§ SUPPLIED DATA:

↓↓↓

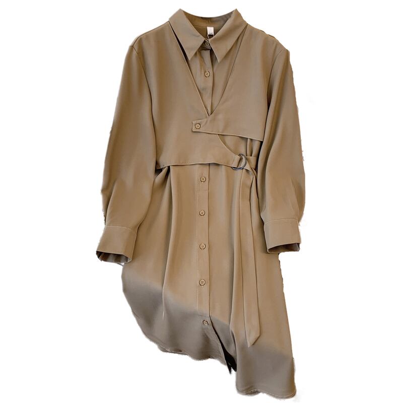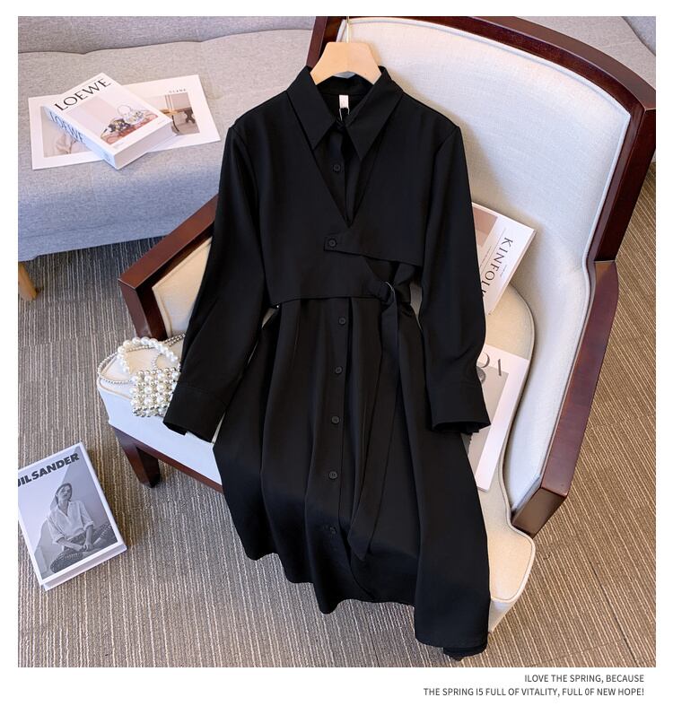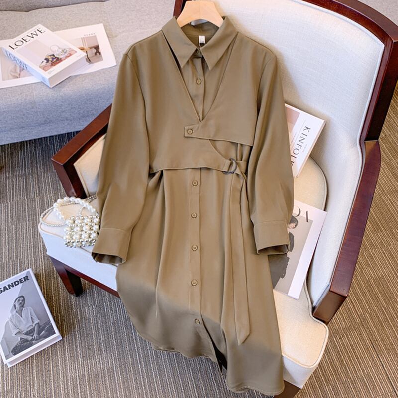 大きいサイズの婦人服 2022 秋の新しいファットシスターカジュアル薄いファッション気質ゆったり肉カバー無地ドレス 大きめサイズ オータム 秋物 ソリッドカラー 8884133531223259
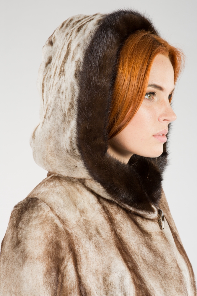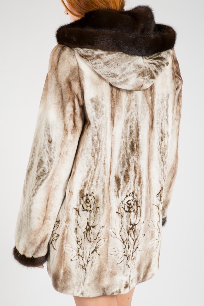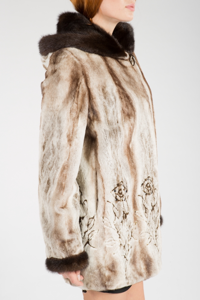 Куртка из меха стриженной норки с капюшоном. Крой изделия роспуск с добавлением пластин. По низу модель декорирована лазерной выстрижкой и украшена миниатюрными стеклярусами, которые при желании можно убрать. Длина курточки 80 см. С такой шубкой одинаково хорошо будут смотреться как юбки любой длины, так и брюки от свободных до облегающих!
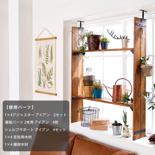 1×4木材を床と天井に突っ張り、DIYの基礎となる支柱を立てるためのアジャスターパーツです。アイアン製で、素材の質感を生かしたインテリアとして活用できます。シェルフサポート(棚受)やアイアンロッド(ハンガーポール)など、別売りのアイアンシリーズを組み合わせることで、統一感のある棚を手軽に作ることができます。

↑↑↑

§ WHAT IS REQUIRED:
Wherever the listing shows a picture, omit it and output the rest exactly as given.

§ YOUR SOLUTION:
 大きいサイズの婦人服 2022 秋の新しいファットシスターカジュアル薄いファッション気質ゆったり肉カバー無地ドレス 大きめサイズ オータム 秋物 ソリッドカラー 8884133531223259
 Куртка из меха стриженной норки с капюшоном. Крой изделия роспуск с добавлением пластин. По низу модель декорирована лазерной выстрижкой и украшена миниатюрными стеклярусами, которые при желании можно убрать. Длина курточки 80 см. С такой шубкой одинаково хорошо будут смотреться как юбки любой длины, так и брюки от свободных до облегающих!
 1×4木材を床と天井に突っ張り、DIYの基礎となる支柱を立てるためのアジャスターパーツです。アイアン製で、素材の質感を生かしたインテリアとして活用できます。シェルフサポート(棚受)やアイアンロッド(ハンガーポール)など、別売りのアイアンシリーズを組み合わせることで、統一感のある棚を手軽に作ることができます。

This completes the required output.